Britons looking to borrow to fund a new car, home improvements or a big life event like a wedding will now find taking out a substantial sum is the cheapest it’s ever been.
A personal loan of £10,000 paid back over five years came with an average APR of just 4.5 per cent this month, down 0.2 percentage points from November, data from Moneyfacts shows.
Five years ago in December 2014, the average rate was 5.7 per cent, while a decade ago it was 9.5 per cent.
Fix up: Political uncertainty means Britons might be less inclined to move home at the moment. Instead they might be choosing home improvement projects
This means borrowing £10,000 and paying it back over five years would now cost you £1,161.20, £315 cheaper than it would have been in 2014.
The falling of personal loan rates is a rare recent piece of good news for those after credit, as banks have recently announced overdraft hikes to nearly 40 per cent and credit card providers reduce the generosity of their deals.
The average credit card APR now sits at 25.1 per cent. If you had £2,500 on a credit card with that APR, and paid off £100 each month, it’d take you two years and 11 months to repay the balance in full and you’d incur £911 in interest.
And while the average personal loan rate is 4.5 per cent, five providers will lend you £10,000 over a five year period at a rate below 3 per cent.
They are Cahoot, Nationwide Building Society, John Lewis, Sainsbury’s Bank and Tesco Bank.
Cahoot offers the cheapest rate of 2.8 per cent, meaning it’d cost you £718.40 over the length of the loan.
Meanwhile the cheapest credit cards at the moment all cost you more than double 3 per cent. Co-op Bank offers the lowest APR, 6.9 per cent on its 3-year fixed-rate Visa.
|Year||Average APR on a loan of £10,000 paid back over 5 years|
It is followed by TSB’s Advance Mastercard, which comes with 0 per cent on purchases for a three-month introductory period and has an APR of 7.9 per cent.
Rachel Springall, of Moneyfacts, said: ‘It’s encouraging to see that the unsecured personal loans market is still buoyant, with rates falling over the past quarter.
‘This improvement to the loans market could be encouraging for borrowers considering consolidating their debts either now or in the New Year.’
Given the term length and the amount you can borrow, personal loans are likelier to be used for purchases like new cars – as an alternative to car loans – or for one-off purchases, or even as consolidation loans to pay off existing debt.
They might also be popular among those who, rather than move home due to election and Brexit-related instability, are instead choosing to make big improvements to where they live at the moment.
In that sense, given the amount of capital required to undertake such projects, personal loans are probably the cheapest source of funding.
Finally, the cheap rates also might make personal loans a more appealing alternative to car finance options, if you’re accepted for one.
For example, a £15,995 new Ford Fiesta would cost you much less using a loan from Cahoot than by using Ford’s own car financing.
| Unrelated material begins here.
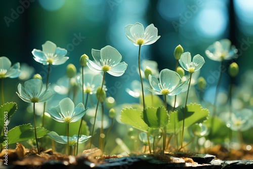 The watermark will not be included on Wall mural.: Floral fresh background in soft daylight with beautiful bokeh and pastel green colors, close-up macr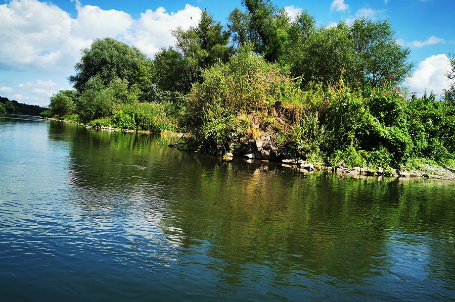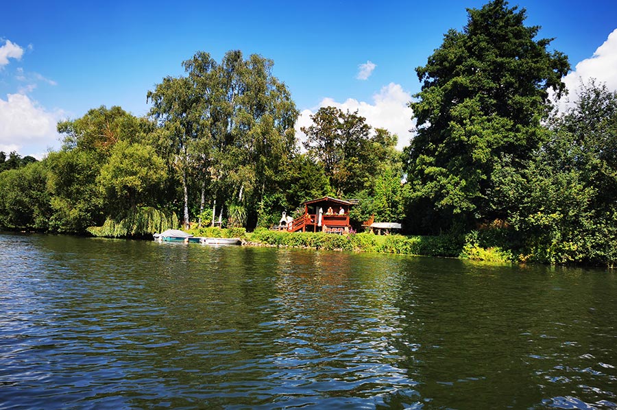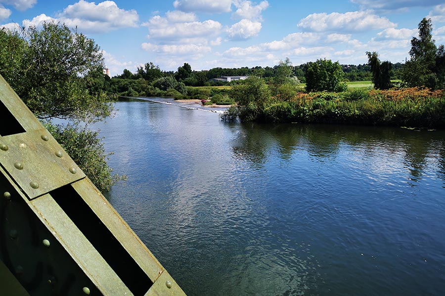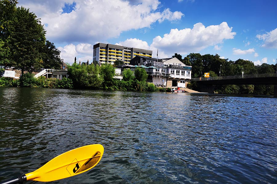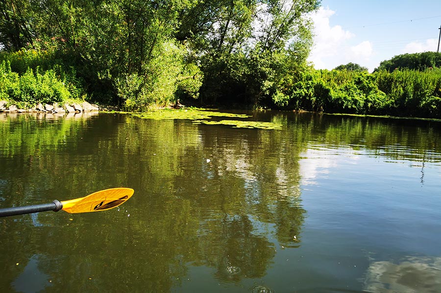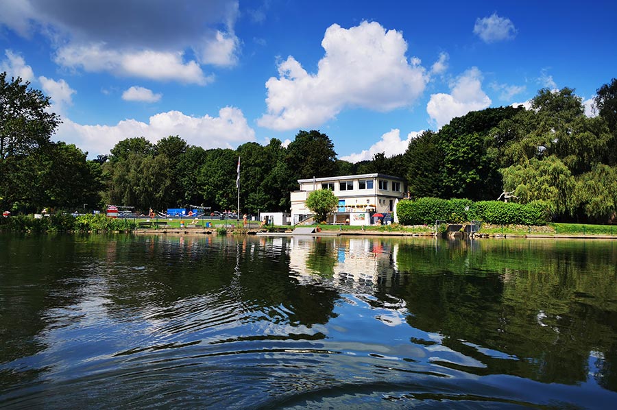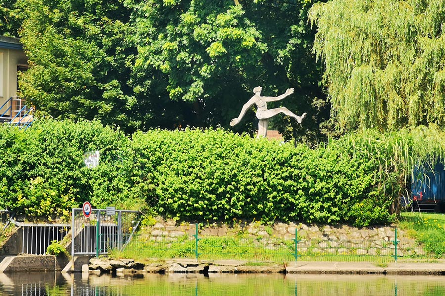 Ob allein mit sich und dem Boot oder gemeinsam mit anderen: Die Ruhr übt auf Ruderer und Kanuten eine große Anziehungskraft aus, so auch auf uns. Und glücklicherweise verfügen wir auch über entsprechendes „Wasserfahrzeug“, das uns auf allen Reisen begleitet: das aufblasbare Schlauchboot Gumotex Palava, ein Kanadier, der für Touren und aufgrund des Bodens auch für leichtes Wildwasser oder Rafting gut geeignet ist. So waren wir auf dem Oymapinarsee in der Türkei genauso sicher unterwegs wie auf der Cetina bei Radmanove Mlinice in Kroatien. In einem Rucksack zusammengerollt und gut tragbar, dann schnell aufgebaut besser aufgeblasen und einsetzbar, eine tolle Option zumal auch in öffentlichen Verkehrsmitteln mitführbar. Heute soll es vom Campingplatz zunächst flussabwärts auf der Ruhr gehen, auch wenn auf dem Rückweg das Paddeln gegen die Strömung ansteht. Wir passieren das Café Capobianco, dann das Ufer-Schwimmbad von Essen und die Sohlschwellen der Ruhr unterhalb, die heute umfahren werden können.

A new Ford Fiesta would cost you £15,995, but drops on personal loan rates mean it’d be cheaper to use them than Ford’s own financing
Purchasing a Ford Fiesta over 48 months using Ford’s Acquire financing would give you an APR of 7.4%. The cheapest personal loan on the same sum over the same period is just 2.8%
Ford’s Acquire financing, which requires you to put down a deposit and make monthly payments in order to own the car, would cost you £2,130.45 over the course of 48 months when combined with a £1,000 deposit on a new Ford Fiesta – a rate of 7.4 per cent APR.
You would therefore end up paying just over £17,000 for the car.
Meanwhile using Cahoot to borrow £16,000 over the same 48 month term would see you pay just £919.52 on top of the repaid amount.
Rachel added: ‘While the lowest loan rate is less than 3 per cent, it is important borrowers are aware that as only 51 per cent of successful applicants need to be offered the advertised APR of an unsecured personal loan, these are not guaranteed.
‘To assist borrowers, it would be wise for them to check their credit report before applying and check it for any errors.
‘Borrowers looking to take advantage of the lowest rates may only be able to apply online or by phone.
‘It is unlikely that they will find rates any lower with their existing high street bank, so it’s important to consider alternative brands for an unsecured personal loan.’